Stay tuned for a conversation about the future of solar power and the robots that will help us harness it.
[00:01:59] Speaker B: Daniel, welcome to the EU Energy Projects podcast. We're chatting about the Talos project.
Why don't you give us a quick overview of the project's objectives?
[00:02:11] Speaker C: Hi Ross, and thanks for having me. It's a pleasure to be here with you today and talk a little bit more about talos. So I think before the objectives, I usually like to start by giving a little bit of the motivation that is behind the project. So basically, our main drivers are everything there is to do with the size of these pv plants. So we're talking about photovoltaic plants that are growing quite a lot in the last decade, especially in the last two years, we believe that the size of these pv plants grow by four times. So it's quite, quite a lot of area that these pv plants now cover. And at the same time, the fact that these parks are located in remote locations.
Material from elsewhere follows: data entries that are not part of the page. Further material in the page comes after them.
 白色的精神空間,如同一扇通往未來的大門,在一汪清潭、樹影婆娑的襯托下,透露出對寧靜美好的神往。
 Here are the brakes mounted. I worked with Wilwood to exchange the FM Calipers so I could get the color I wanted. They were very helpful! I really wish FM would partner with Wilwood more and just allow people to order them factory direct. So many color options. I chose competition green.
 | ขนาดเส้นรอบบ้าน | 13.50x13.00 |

So due to some land costs and even some land competition, that exists also, we have been feeling this for quite a while now, a shortage of skilled workforce. This is something that is already happening, and the trend is only to increase. So this is something that also worries us and then the inner dangers that exist of working in such a place. There is a power plant. So giving this motivation, we have this objective, which is to develop cutting edge robotics and also some digital tools that can perform operation and maintenance tasks in pv plants in a completely autonomous way and without human intervention. In Talus, this, in fact, is a reality that spans across three different pv scenarios. So we'll have the land based, which is the conventional pv that we see across fields in the countries, and then we have the floating pv. These are pv panels that are installed above the water bodies of lakes, or even water reservoirs of dams. And then we'll have another scenario, which is Agri PV or agrivoltaics, which is this duality between production of energy and food at the same time.
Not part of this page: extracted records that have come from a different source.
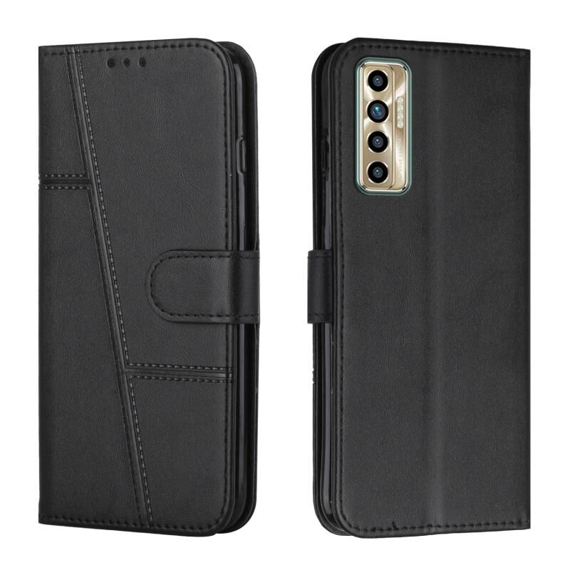 Για Tecno Camon 17P ραφή μοσχάρι υφή πόρπη δερμάτινη θήκη τηλεφώνου (μαύρο)
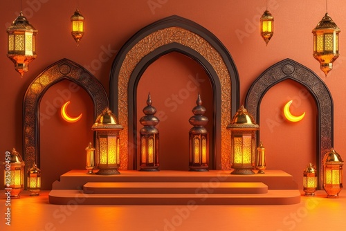 Festive Islamic Ramadan Background with Ornate Lanterns and Arches
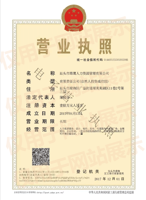 汕頭市雄鷹人力資源管理有限公司營業(yè)執(zhí)照
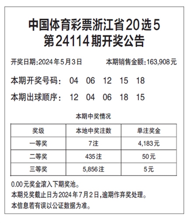 中国体育彩票浙江省20选5 第24114期开奖公告
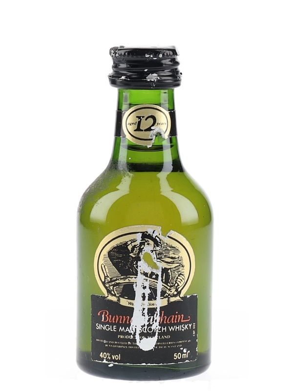 A miniature bottle of Bunnahabhain 12 Year Old Single Malt Scotch Whisky. We estimate this was bottled in the 1980s to 1990s.
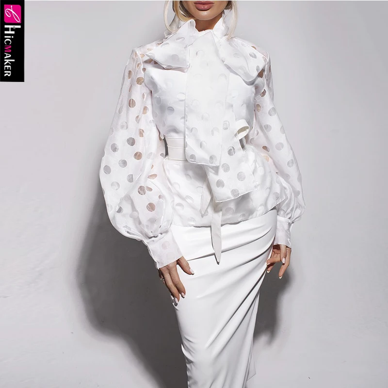 Special Offer Polka Dot Lantern Sleeve Knotted Blouse Women Chic Elegant Office Lady Street Wear Spring Fall Fashion Trends Top Shirt Discount 39% Today!
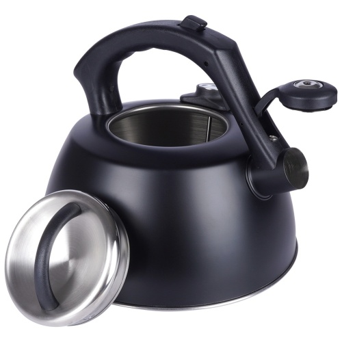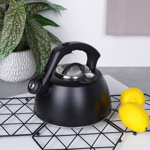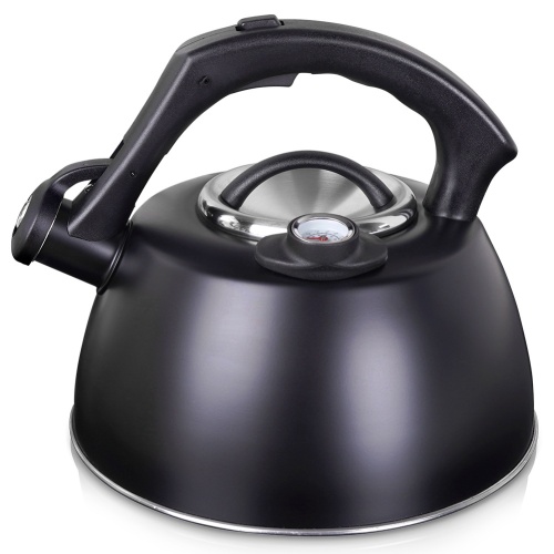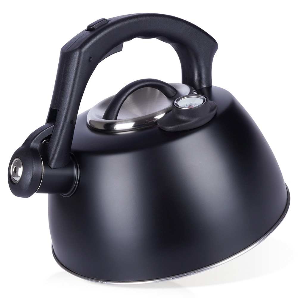 Kettle with automatic whistle and thermometer. Made of black stainless steel. For use on all types of cookers.

[00:04:22] Speaker B: Very interesting. So tell us a little bit about the differences between the on site operations between land and floating and agri. I imagine the technical challenges that you have to overcome, and each of those is slightly different.
[00:04:41] Speaker C: It is in fact, so for the conventional pv, I think that the biggest challenge now is the scale of the projects. The utility scale projects are very, very big. We are talking now about, for instance, China is planning on having multi gigawatts of pv plants installed in the remote areas, deserted areas of the country. And when we think about maintaining this kind of assets, this is a huge challenge. So that's why for this specific case, we think that robotics can also be applied, especially for the cleaning part, and also, for instance, vegetation management. Then for the floating part, we are facing quite a big challenge that was not foreseen at all, which is about the bird droppings. One of our assets, I mean, I'm talking now as an EDP employee, right? And one of our assets in Alkyv is facing this challenge for quite a while now. And again, we have this objective of having every operation and maintenance tasks being more or less dealt with by robots. And finally, the aggravoltx is quite of a new field. And we are also trying to explore how this duality can work together, because it's difficult to have some panels that are more or less mixed within crops, because they have the shedding effect on the crops, etcetera. So these panels can affect or not, let's see, the crop healed. And this is something that we want to assess. So, on this agrivoltaic part, we are more on the, on the pilot phase. We are just testing some small configurations and see if they will be scalable or not in the future.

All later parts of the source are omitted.